Adding to a long list of salmon fisheries that did not produce as expected in 2016, the Copper River drift gillnet fishery fell well short of expectations, in spite of above average time and effort.
According to the Alaska Department of Fish and Game preliminary report, the notoriously dangerous Copper River Flats sockeye/king salmon fishery, which opened, as usual, to much fanfare on May 16, was expected to produce 21,000 chinook, 1.62 million sockeye and 201,000 coho salmon through the end of the season.
The Gulkana hatchery was expected to produce another 169,000 sockeye to the fishery.
Through the end of July, the traditional end of the sockeye/king salmon season, the Copper River District was open 96 hours more than the recent 10-year average, but the sockeye salmon harvest of 1.14 million fish came in 22 percent below the previous 10-year average.

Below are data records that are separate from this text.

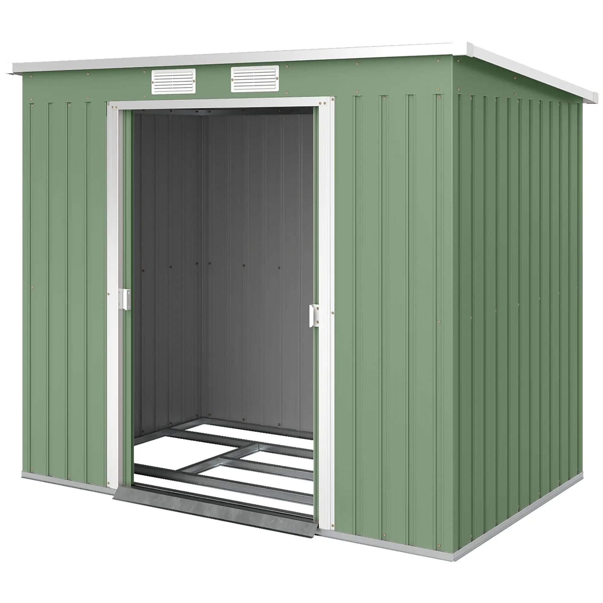 Cobertizo de Jardín 213x130x172 cm Caseta de Exterior Metálica para Almacenamiento de Herramientas Verde Oliva
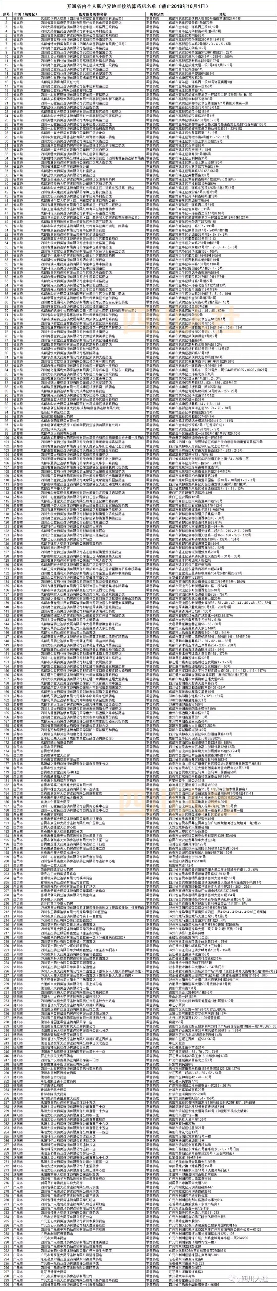 目前全省共开通省内个人账户异地直接结算医院464家、药店1073家(名单附后),开通医药机构信息可通过四川省人力资源和社会保障厅官网(www.sc.hrss.gov.cn)查询。
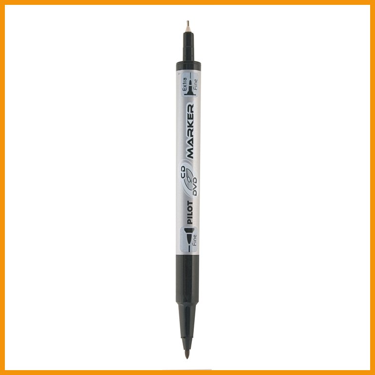 Pilot Twin CD/DVD Marker on nimensä mukaisesti erityisesti CD- ja DVD-levyjen merkintään soveltuva kaksipäinen musta huopakynä. Kynän kaksi akryylikärkeä ja pysyvä, öljypohjainen ja xyleenitön muste jättävät selkeän jäljen levyjen pintaan.Musteen väri: musta
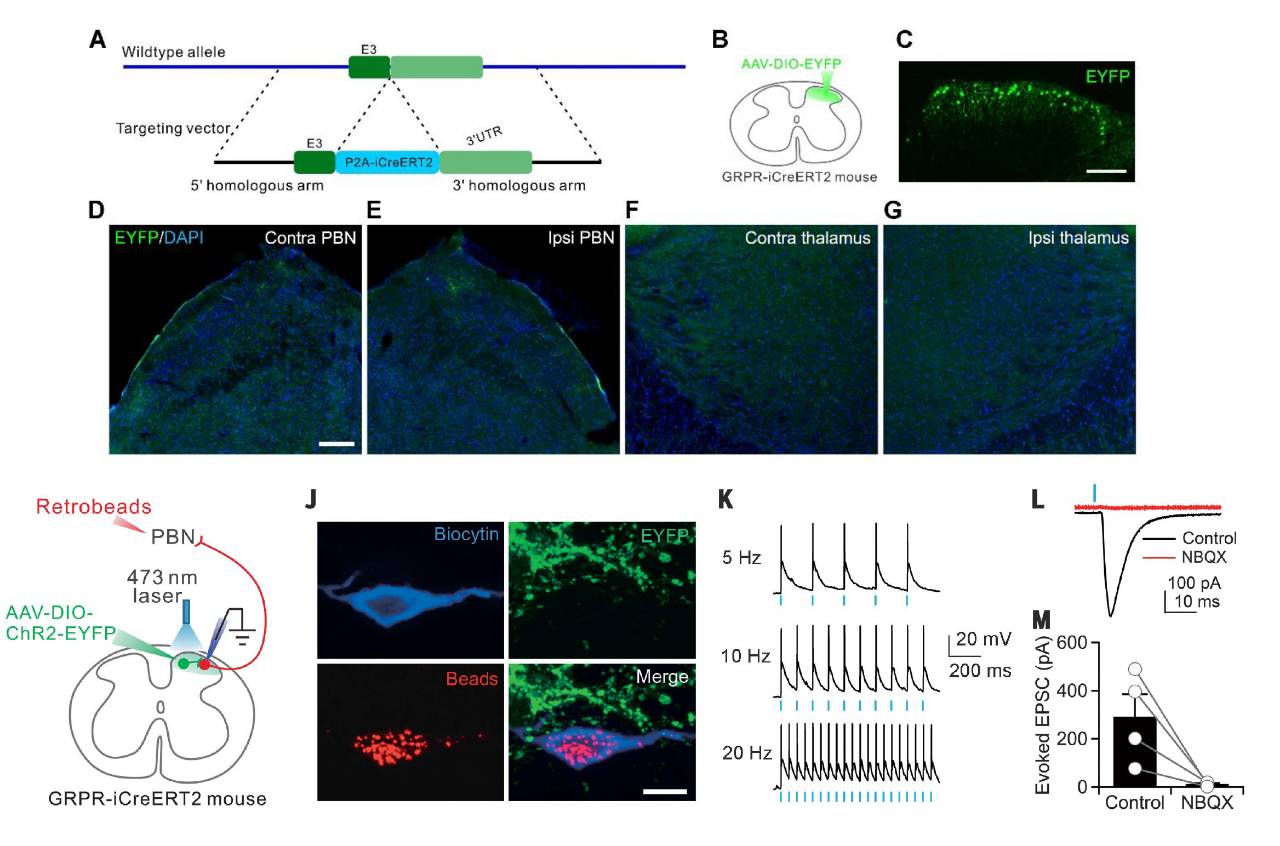 根据之前陈宙峰研究员和孙衍刚研究员的重要研究[1],脊髓中表达胃肠道释放素受体(GRPR)的神经元对于痒的信号处理非常关键,文章接下来分析了该类神经元在脊髓-臂旁核投射通路中的作用。

Meanwhile the harvest of 11,600 chinook salmon was below the previous 10-year average of 17,200.
In addition to the lower number of sockeye, there was the lower-than-average sockeye size, which has been chronic throughout the state for the last two to three years.
The average sockeye caught in the district in 2016 weighed 5.3 pounds, the second smallest on record, according to ADF&G fisheries researchers in Cordova, and the number of wild sockeyes in the Copper River District Commercial Common Property Fishery was 968,000, or 85 percent of the most recent 10-year average.
While the CCPF harvest of 11,600 chinook salmon was below the previous 10-year average of 17,200, the news was better for coho salmon.
The season total of commercial harvest of coho salmon was 365,000 fish, almost double the previous 10-year average of 201,000 silvers.
Things went considerably better in the Bering River District, the eastern-most area near Kayak Island, which is the site of Georg Steller’s famous foray ashore as the first European to land on American soil as part of Vitus Bering’s expedition in 1741.
The preseason commercial harvest forecast for that area was 14,000 sockeyes and 46,000 cohos.
The commercial harvest for that district of 9,400 sockeye was 23 percent above the previous 10-year average harvest of 7,600 fish, and the coho commercial harvest of 81,400 silvers was 80 percent above the previous 10-year harvest average of 45,300 fish.
Commercial fishing effort in both sockeye and silver salmon fisheries was high due to productive fishing in that eastern area, according to ADF&G.